Voting interest
Voting interest is the legal capacity of a shareholder to influence corporate governance through the exercise of voting rights. While generally based on the proportionality of capital, the specific exercise and calculation of this power are governed by national statutes.
General Principles and Proportionality
Most jurisdictions operate on the default principle of "one share, one vote," though this may be altered by a company's constitutional documents.- United States : Under the Delaware General Corporation Law, the default rule is that "each stockholder shall be entitled to 1 vote for each share of capital stock held by such stockholder."
- United Kingdom: The Companies Act 2006 provides that "on a poll every member has one vote for every share held by him."
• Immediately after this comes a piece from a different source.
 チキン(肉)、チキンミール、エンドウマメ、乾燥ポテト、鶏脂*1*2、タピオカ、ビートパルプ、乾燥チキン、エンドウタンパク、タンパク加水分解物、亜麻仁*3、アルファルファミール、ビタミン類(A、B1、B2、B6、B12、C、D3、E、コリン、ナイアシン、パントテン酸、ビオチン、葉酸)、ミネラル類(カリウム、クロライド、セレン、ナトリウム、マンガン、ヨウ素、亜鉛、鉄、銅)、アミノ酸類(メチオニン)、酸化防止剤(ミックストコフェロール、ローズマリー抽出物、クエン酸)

- Germany: The Aktiengesetz mandates that "the voting right shall be exercised according to the par value of the shares or, in the case of no-par value shares, according to their number."
Calculation of Voting Power and Treasury Shares
Statutory Exclusions
In all three major jurisdictions, treasury shares are legally "dormant" and cannot be exercised:- Germany: "The company shall not have any rights from treasury shares."
- United States : "Shares of its own capital stock belonging to the corporation... shall neither be entitled to vote nor be counted for quorum purposes."
- United Kingdom: The law specifies that "a company must not exercise any right in respect of treasury shares," specifically including the right to attend or vote at meetings.
Majority Interests and Indirect Control
In the US and UK, similar "look-through" provisions exist to prevent circular ownership structures where a subsidiary votes in the election of the parent's board, thereby ensuring the integrity of the voting interest calculation.